# Sailing Couple Kidnapped by Islamic Militants Free



## svHyLyte (Nov 13, 2008)

Back story:

In April, Abu Sayyaf gunmen seized Okonek and Dielen from a yacht at sea between Malaysia's Sabah state on Borneo Island and the western Philippine province of Palawan. They were taken by boat to predominantly Muslim Sulu province, about 950 kilometers (590 miles) south of Manila, where militants are holding other hostages.

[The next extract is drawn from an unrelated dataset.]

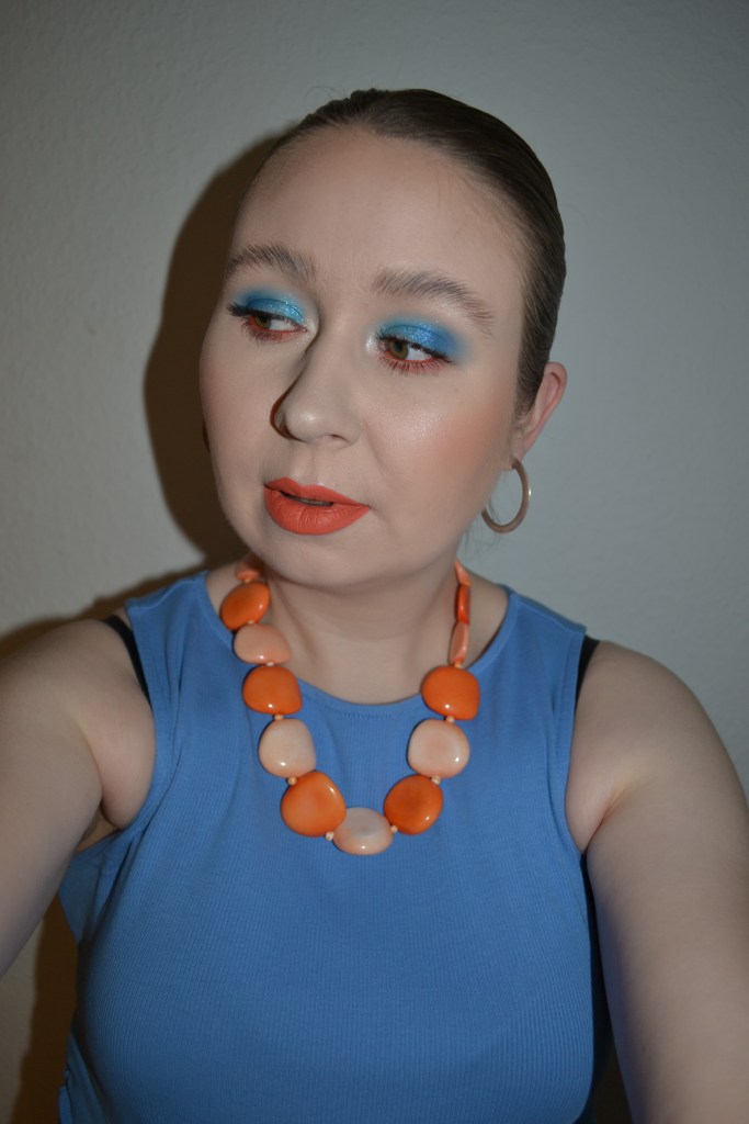 (Base: primer – Maybelline Fit Me Matte + Poreless primer, foundation – L’Oréal Paris True Match Nude plumping tinted serum (shade: 0,5-2 Very Light), concealers – L’Oréal Infaillible More Than Concealer (shade: 322 Ivory) + Maybelline Superstay Active Wear 30H concealer (shade: 05 Ivory), powders – e.l.f. Cosmetics HD powder in Soft Luminance + Rimmel Lasting Finish compact foundation (shade: 01 Fair Porcelain). Face make-up: bronzer – Physicians Formula Butter bronzer (shade: Light), blusher – Oden’s Eye Solmåne Sunlight Love blusher in W102 Peach Gleam, highlighter – Oden’s Eye Solmåne Moonlight Feel highlighter in H105 Azura Shine. Eye make-up: base – MAC Pro Longwear Paint Pot in Painterly, eyeshadows – Essence Disney Classics Silky Eyeshadow Palette in Patch 03 Dognapped! (shades: 15 Puppies + Perdita + Sibling) + Oden’s Eye Solmåne II eyeshadow palette (shades: Soft Cloud + Nebula + Deep Space + Solar), mascaras – MAC Extended Play Gigablack Lash mascara + Tarte Lights, Camera, Lashes mascara, eyeliner – Oden’s Eye Solmåne II gel liner in 002 Orange. Eyebrows: Anastasia Beverly Hills Brow Freeze + Maybelline Brow Ultra Slim pencil in Medium Brown. Lips: Jeffree Star Cosmetics Velour liquid lipstick in Tangerine Queen)

More...German Sailing Couple Freed


----------



## Faster (Sep 13, 2005)

Alarming that this was not near Somalia.. anyone know if the boat was left adrift? The article states they were 'seized from a yacht' not taken with their yacht...


----------



## aeventyr60 (Jun 29, 2011)

More on the story here:
http://www.noonsite.com/Countries/P...-german-couple-abducted-from-yacht-april-2014

We were cruising in the same area in the Fall of 2010.


----------



## ketch05 (Dec 21, 2014)

Theirr supermaramu was found anchored in southern Palawan late in April 2014. Curious fishermen alerted the police as no one was seen on deck for several days. The swim ladder was down, dinghy on deck and nothing was missing on board. The boat was subsequently towed to Puerto Princessa, Palawan for safe keeping in Abanico Yacht club. Since no claim was made by anyone, a rumor spread about the crew having been taken by crocodiles which roam that area. Abu Sayaaf group took their time to ask for a ransom and because they are well practiced in that trade they, as well as the authorities kept it under the lid.
The are around southern Palawan and south west mindanao is a no go spot, anyone who has been sailing around south east asia knows that. It is an absolute pain in the neck as we have to sail extra hundreds of miles in unfavorable wind conditions to avoid these tugs who conveniently hide their hostage for ransom trade under the banner of islam.
By the way if your boat is insured, you'll get no cover for that area, even in transit. Southern Palawan is safe to transit through though.
Fair winds,
Francis


----------